#### Dataset excerpt ####

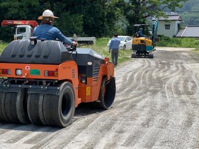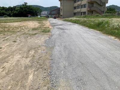 本日は、別の工事等の関係で、午前中だけの作業でしたが、写真のとおり重機2台も導入され、瞬く間に本校側から旧二小体育館前までに平らな道ができていました。
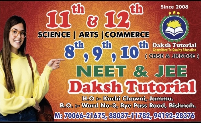 Daksh Coaching Classes, Jammu is regarded as one of the best coaching institutes in the city, offering highly cooperative and dedicated teachers committed to student success. Located conveniently near SP Smart School, the centre emphasizes quality education with a personalized approach. Students appreciate the focused tutorials and the institute’s reputation for nurturing a strong academic foundation, making it a preferred destination for learners seeking effective coaching in Jammu.
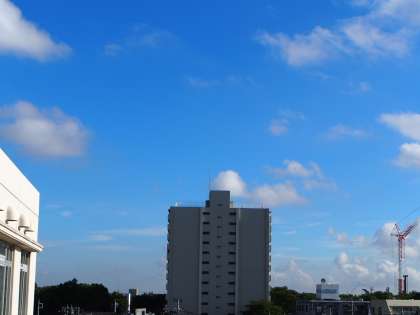 今朝も暑い夏空…と思っていたら、北側校舎の窓を開けると、秋の気配が感じられた今朝のフナキボです。そういえば、心なしか雲にも秋の雰囲気が感じられます。
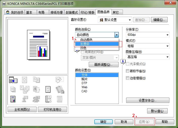第三步,进入到以下界面,然后选择“图像品质” — 颜色选择“1、灰度级” — “2、应用”

####

What you write should match, word for word, the lines from the one containing "今朝も暑い夏空…と思っていた" to the end of the listing, with both ends kept and the pictures left out.

Result of the task
 今朝も暑い夏空…と思っていたら、北側校舎の窓を開けると、秋の気配が感じられた今朝のフナキボです。そういえば、心なしか雲にも秋の雰囲気が感じられます。
第三步,进入到以下界面,然后选择“图像品质” — 颜色选择“1、灰度级” — “2、应用”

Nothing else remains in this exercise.